I mean he even send a letter (which I saw), when I was about 10, telling my mother that she sould have let my stepfather adopt us and forget about him. My mother never hid from us what had happen and what was going on, when we were older she gave us the chance to either contact him or not. 

Right now, my brother and me have contact with him, but do not call him DAD or feel any attachment to him. And our contact is nothing more than passing HI, Xmas cards or phone calls twice a year. I tell you this story so you see where I am coming from. If she has the best of intentions then she willl know how to wait and abait to your rules.

So, ask for as long as you need, I do not think that 3 months would do it. Probably 1 year, you have full custody and she can pout all she wants. Tell her to give you a picture of herself with a letter for the girls, you can start preparing the kids by having her picture on the counter and telling them who she is. And telling them that when they feel ready they can see her. She should send letters as often as she can, as long as they are not offensive, disrespectful or disturbing, and you will read it to them and prepare the kids for when they are ready to see her.

Do what your heart and instinct tells you and forget about her tantrums, the law is on your side.

Bella


----------



## swedish (Mar 6, 2008)

humpty dumpty said:


> ..
> or are we being selfish ?


Absolutely not! Everything you are doing is with the best interest of the children in mind.

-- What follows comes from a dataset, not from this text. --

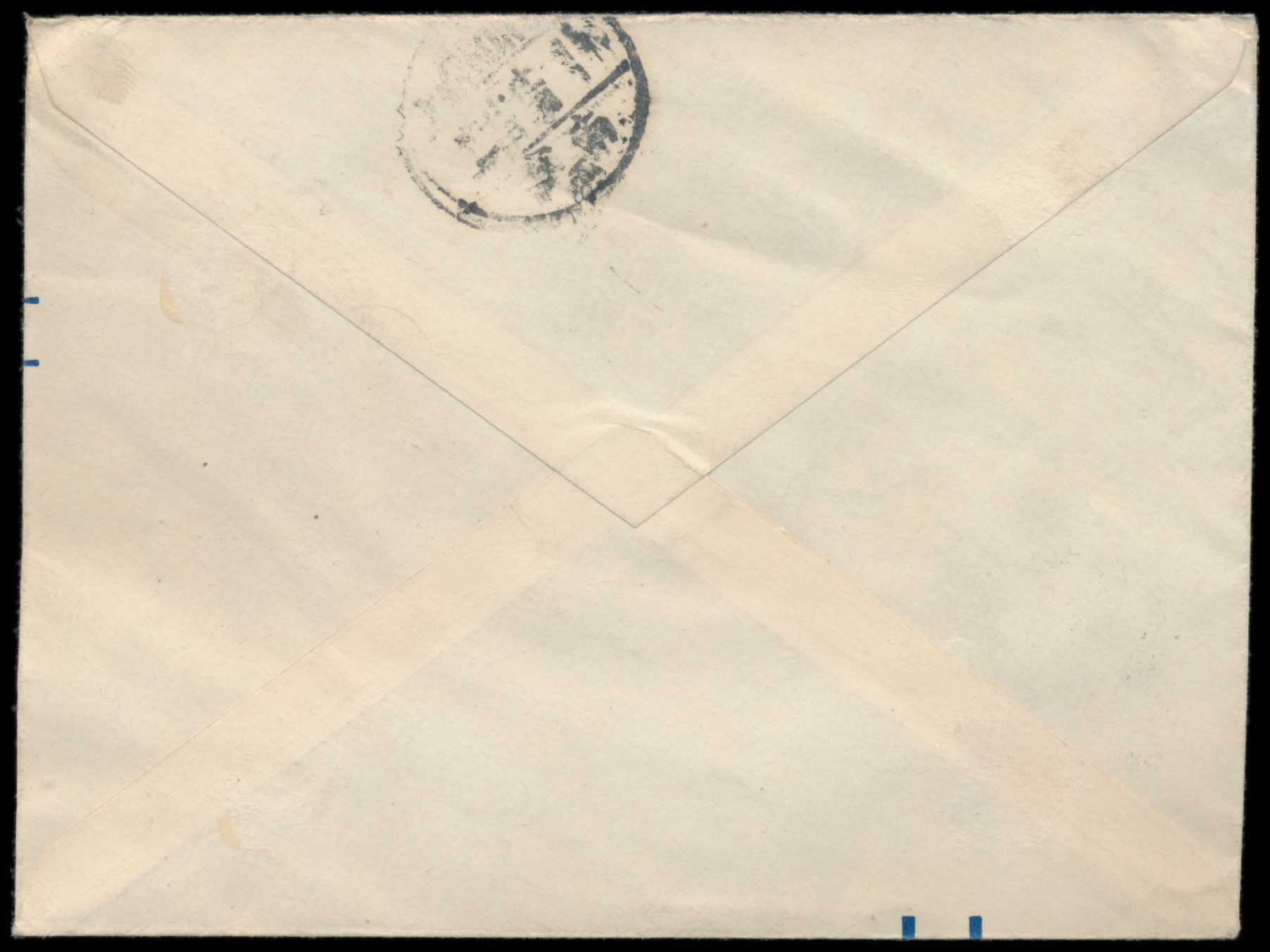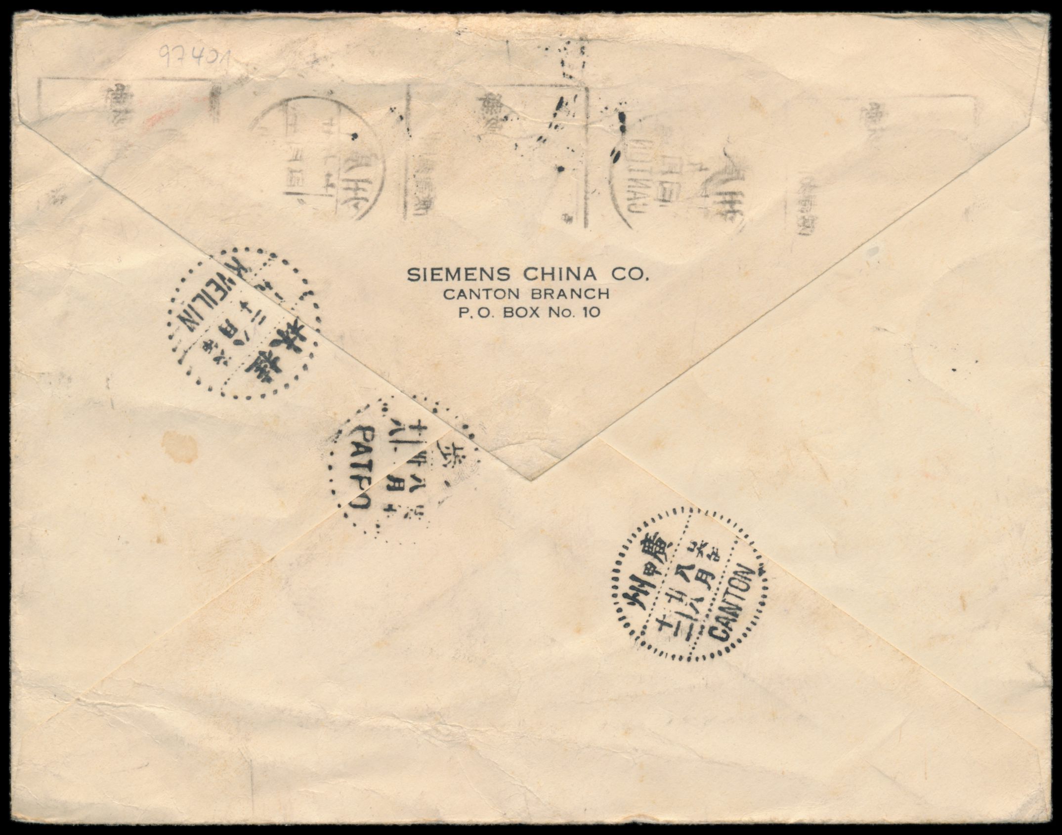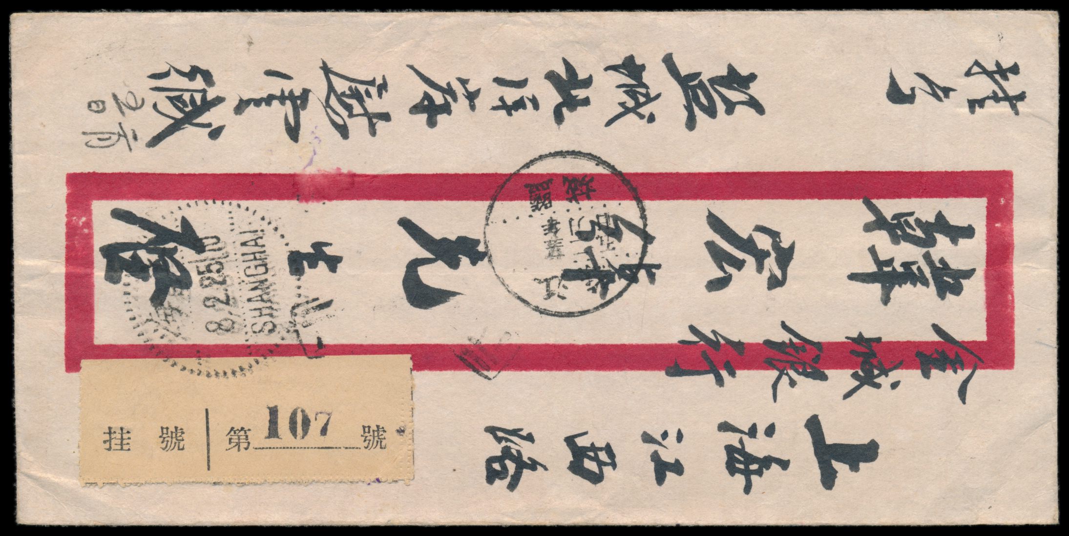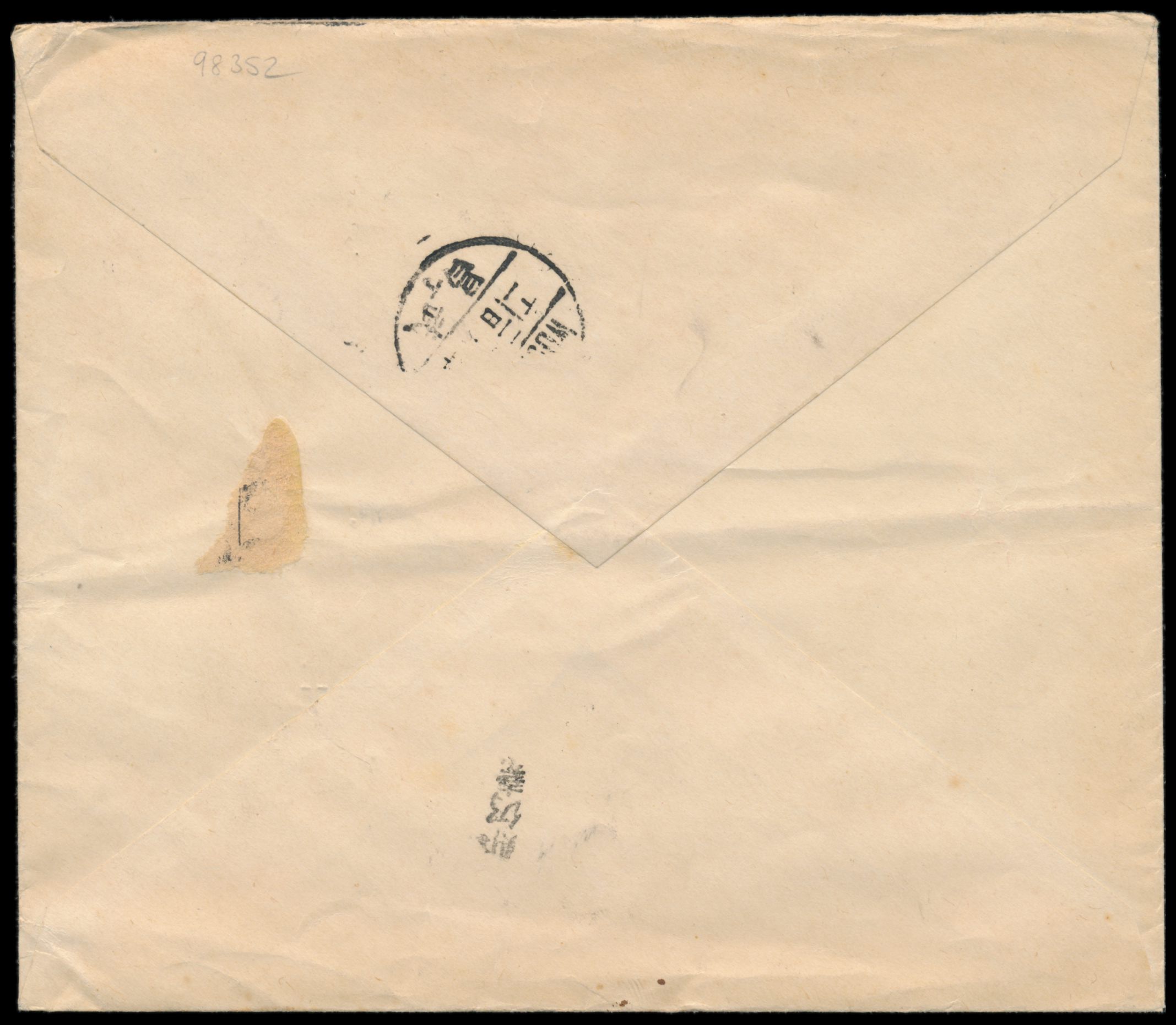 Sinkiang, 5 C. und 10 C. Dschunke und 50 C. Reisernte mit Provinzaufdruck rückseitig auf Einschreibbrief mit Stempel Tihwa / Urumtsi nach Shanghai, rückseitig Fragment des chinesischen Registrierzettels, vorderseitig handschriftlicher R-Vermerk und handschriftlicher Leitvermerk "via Sibirien", Ovalstempel Sinkiang District Commissioner 5.9.1931, Ankunftstempel Shanghai 4.10.20 (1931), Bedarf

Everything she is doing is for selfish reasons. She wants to see them when it's convenient for her but she abandoned them twice. Once when she left your brother and again when she knew she was soon to be their only living parent. She hasn't demonstrated any reason why having the children visit with her at this point would help them.

I totally agree with you on waiting and letting the girls settle in. It sounds as though you've made strides in making their lives as normal as possible in a horrible situation & if their mother is too selfish to really want what is best for the girls right now, you are the only one that can stand up for them.

I think she's done enough to prove that she comes before the girls and before she would see them agian, I would like some sort of proof that it really is about them and not her.


----------



## GAsoccerman (Mar 24, 2008)

I say give her the chance, if once a month is all she can handle right now, then let it go at that. But I would not introduce her as their mother yet, I would ask her to give it time it may be to confusing at this time, just for her to come by as a "friend" let it grow

It may take time and when it is time to inform the kids that is their natural mother, then it will work, but if she comes by for a few visits and then disappears again, well it would be damaging if they knew that was mommy and left again.

So friend first, mother in due time.


----------



## justean (May 28, 2008)

humpty dumpty said:


> Well we have had a real restless weekend  we have tried to reason with her , i dont think we are wrong to ask her to wait a few months ..she wasnt around when my brother was dieing and he asked for her to be part of the girls lifes she refused.
> We want her to see them always have ..we just need this time to become a family unit together to gain the trust of two very hurt little girls who are still struggling to come to terms with daddy not being with them.
> She has spent the weekend just phoning and putting the phone down when we anwser..
> Im sure we will end up in court again all im asking for is 3 months is that to much ? she hasnt seen them or been bothered for over 3 years 3 months isnt going to make much more of a differents...
> or are we being selfish ?


you have your ideas of what you want for them and you are now their guardians. you are not selfish and your reasoning for what you are doing is very logical.
the thing is here , your living your life and you know what the mother is like.
you know the facts of the relationship between your brother and her and the relationship you have yourselves. a turbulent one.
i think your doing a grand job.


----------



## GAsoccerman (Mar 24, 2008)

:iagree: you are NOT being selfish, your heart is in the right place. Stick to your guns, make her wait three months then slowly allow her in as a friend.

she is garbage to me anyway, leaving the young ones....


----------



## humpty dumpty (Nov 26, 2008)

Thankyou all so much.
Its good to get lots of peoples points of view and it truly does help.
We have desided that she can have contact in 3 months time ,if shes still about then ( and i doubt it ) it will prove to us that she really does want to see them and its not just a spare of the moment thing.
And if she does surprize us then we will take it step by step and hope that we can all keep things on a good level for our wonderful girls 
many thanks


----------